Start of RECORDED INFORMATION
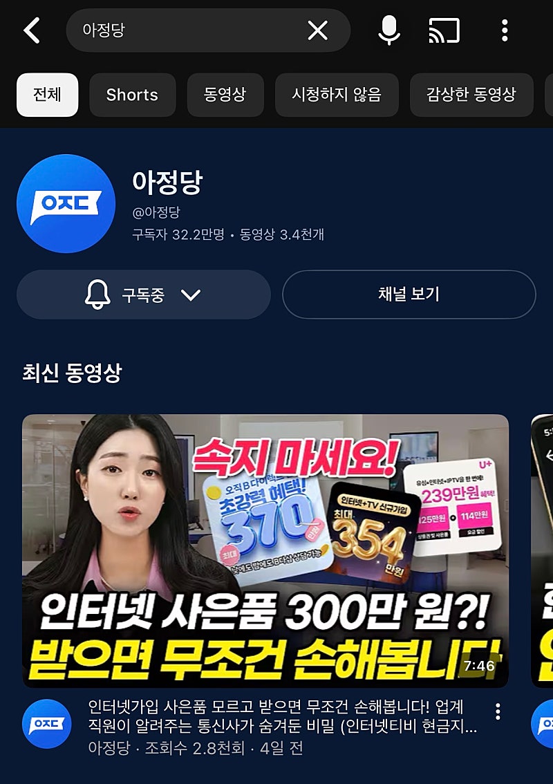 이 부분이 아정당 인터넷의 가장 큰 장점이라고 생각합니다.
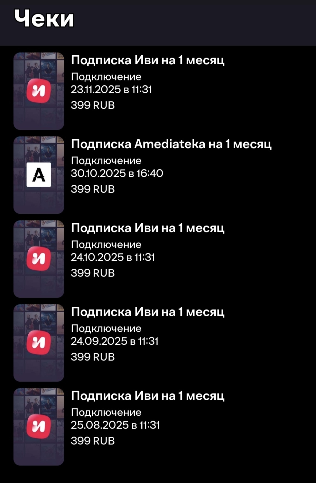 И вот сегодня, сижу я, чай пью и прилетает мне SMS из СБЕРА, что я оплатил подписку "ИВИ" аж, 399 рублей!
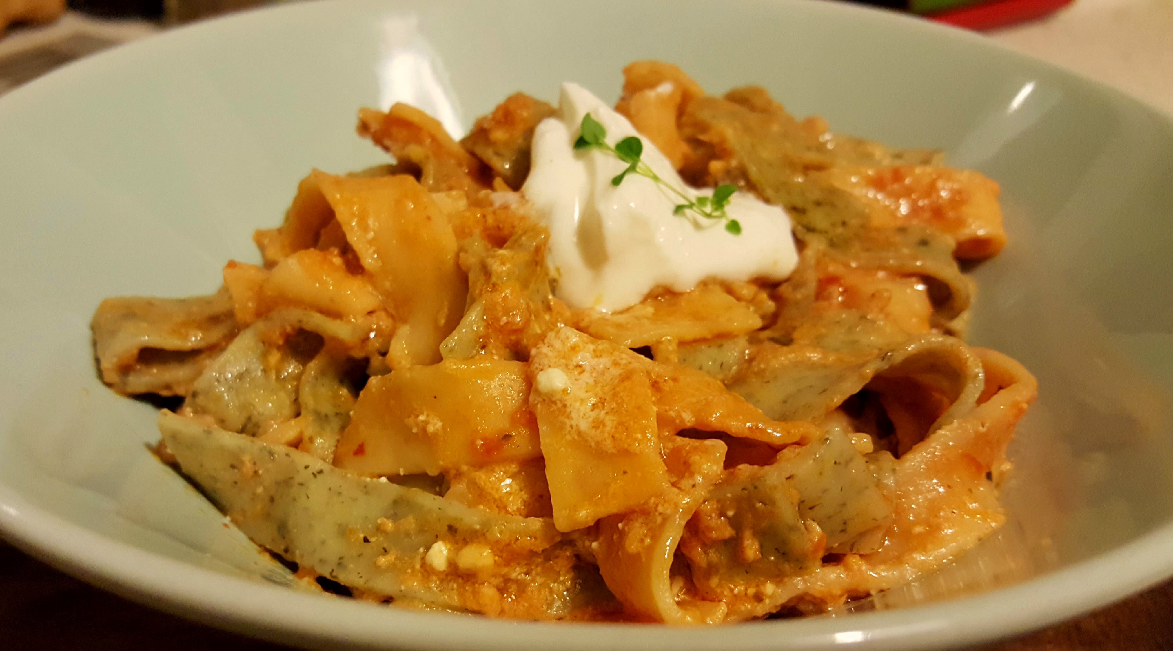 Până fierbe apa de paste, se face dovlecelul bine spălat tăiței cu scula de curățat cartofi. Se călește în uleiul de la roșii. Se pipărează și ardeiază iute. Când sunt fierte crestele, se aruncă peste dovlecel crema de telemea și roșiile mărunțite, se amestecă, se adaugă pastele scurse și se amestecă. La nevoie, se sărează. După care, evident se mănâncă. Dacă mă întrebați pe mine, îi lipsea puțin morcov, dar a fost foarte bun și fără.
End of RECORDED INFORMATION
TASK BRIEF – This task calls for the lines from the line containing "И вот сегодня, сижу" through the end of the listing, set down exactly and only, with pictures omitted.

WRITTEN SOLUTION –
 И вот сегодня, сижу я, чай пью и прилетает мне SMS из СБЕРА, что я оплатил подписку "ИВИ" аж, 399 рублей!
 Până fierbe apa de paste, se face dovlecelul bine spălat tăiței cu scula de curățat cartofi. Se călește în uleiul de la roșii. Se pipărează și ardeiază iute. Când sunt fierte crestele, se aruncă peste dovlecel crema de telemea și roșiile mărunțite, se amestecă, se adaugă pastele scurse și se amestecă. La nevoie, se sărează. După care, evident se mănâncă. Dacă mă întrebați pe mine, îi lipsea puțin morcov, dar a fost foarte bun și fără.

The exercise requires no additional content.